Task to carry out → Leave out the images and repeat the listing below without a single change.

Data segment →
_ _ _ _
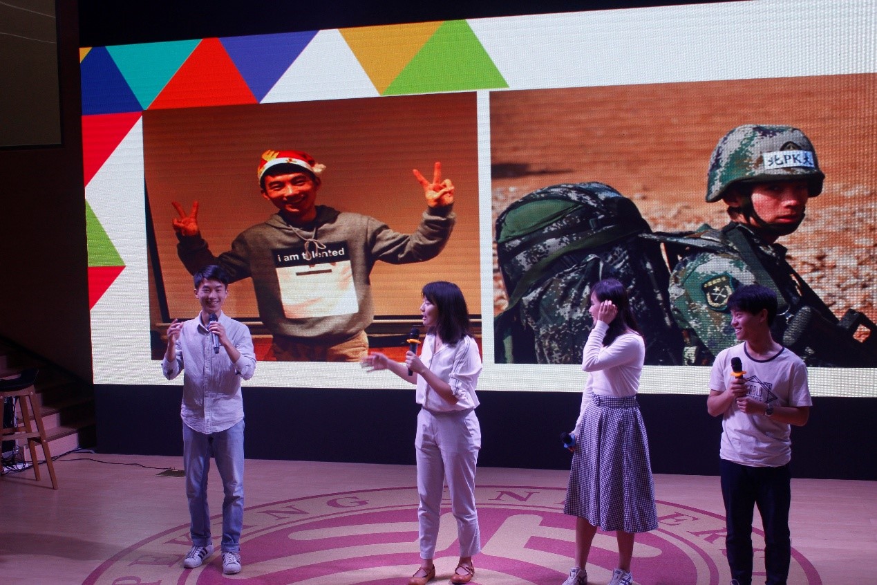 开场徐稚芳老师与王弘毅同学中俄双语诵读普希金名篇《致凯恩》。“外·四海一心”板块,胡壮麟老师、孙亦丽老师和张义荀同学中英对诵唐诗《寒食》《春雨》《章台夜思》;2014级菲律宾语专业尹子尤同学演唱原创歌曲《语路》,献礼外院文化节,万语千言,融进歌声里;2014级泰语专业本科班荣获北京大学“班级五四奖杯”,他们自编自演短剧《毕业班会》,重温充满温情与力量的北大奋斗之旅;来自韩国、俄罗斯、墨西哥、巴基斯坦、埃及的留学生朋友,和中国同学一同中英双语诗诵《明月几时有》,优美的韵律、深邃的意涵、古今中外的互融互通令人动容。
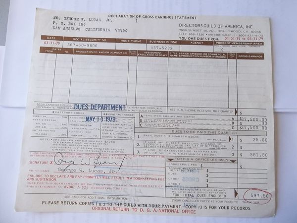 Investment grade one of a kind document from 1979, this is George Lucas' Declaration of Earnings for the Directors Guild. He stated he made only $37,500 and paid dues on that amount of nearly $600. The declaration is signed with a full George W. Lucas, Jr. signature.
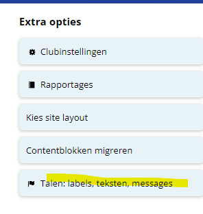 Ga in Club-assistent naar Instellingen. In de sectie Extra opties (rechts in het uitklapmenu) vind je de knop met de tekst "Talen: labels, teksten, messages". Klik op deze knop en je komt uit bij het volgende scherm waar je een keuze uit de knoppen Labels, Messages en Texts moet maken.
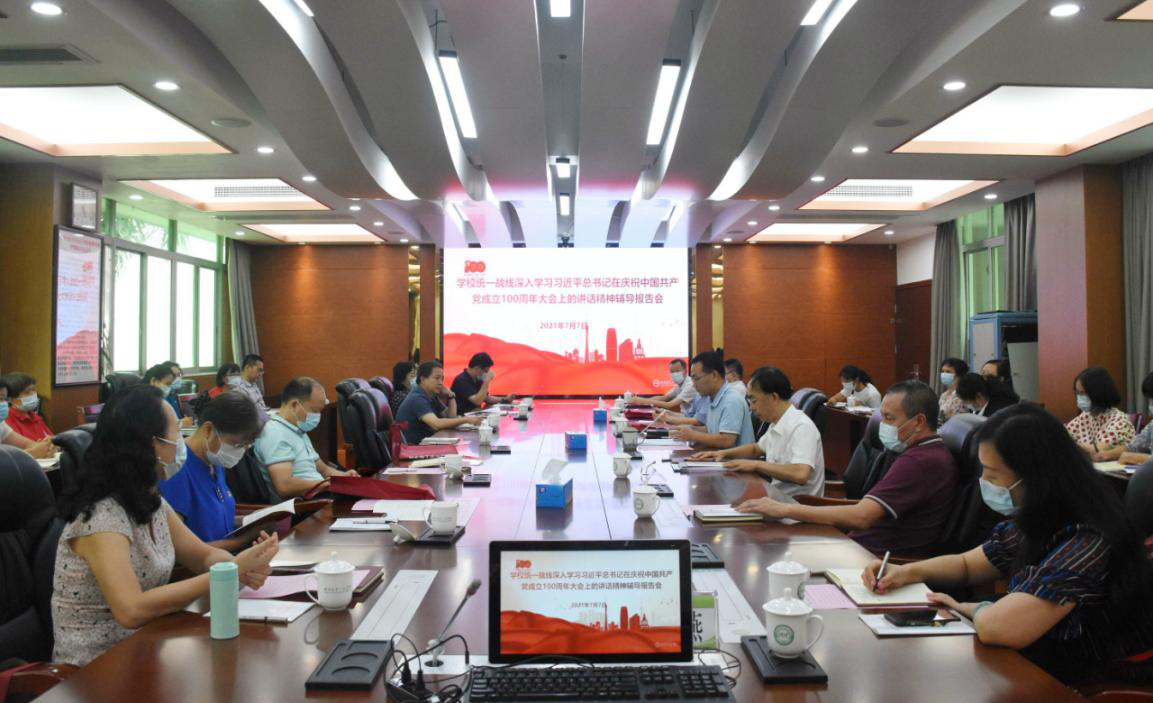 7月7日下午,我校组织统一战线专题学习辅导报告会学习传达习近平总书记在庆祝中国共产党成立100周年大会上的重要讲话精神,并通过党史专题宣讲以及交流座谈,加深统一战线成员对重要讲话精神的学习领悟。学校党委常委、宣传部统战部部长曾献尼出席会议并讲话,学校各民主党派、统战团体成员参会。会议由党委委员、党委统战部常务副部长何军峰主持。
_ _ _ _
Exercise result →
 开场徐稚芳老师与王弘毅同学中俄双语诵读普希金名篇《致凯恩》。“外·四海一心”板块,胡壮麟老师、孙亦丽老师和张义荀同学中英对诵唐诗《寒食》《春雨》《章台夜思》;2014级菲律宾语专业尹子尤同学演唱原创歌曲《语路》,献礼外院文化节,万语千言,融进歌声里;2014级泰语专业本科班荣获北京大学“班级五四奖杯”,他们自编自演短剧《毕业班会》,重温充满温情与力量的北大奋斗之旅;来自韩国、俄罗斯、墨西哥、巴基斯坦、埃及的留学生朋友,和中国同学一同中英双语诗诵《明月几时有》,优美的韵律、深邃的意涵、古今中外的互融互通令人动容。
 Investment grade one of a kind document from 1979, this is George Lucas' Declaration of Earnings for the Directors Guild. He stated he made only $37,500 and paid dues on that amount of nearly $600. The declaration is signed with a full George W. Lucas, Jr. signature.
 Ga in Club-assistent naar Instellingen. In de sectie Extra opties (rechts in het uitklapmenu) vind je de knop met de tekst "Talen: labels, teksten, messages". Klik op deze knop en je komt uit bij het volgende scherm waar je een keuze uit de knoppen Labels, Messages en Texts moet maken.
 7月7日下午,我校组织统一战线专题学习辅导报告会学习传达习近平总书记在庆祝中国共产党成立100周年大会上的重要讲话精神,并通过党史专题宣讲以及交流座谈,加深统一战线成员对重要讲话精神的学习领悟。学校党委常委、宣传部统战部部长曾献尼出席会议并讲话,学校各民主党派、统战团体成员参会。会议由党委委员、党委统战部常务副部长何军峰主持。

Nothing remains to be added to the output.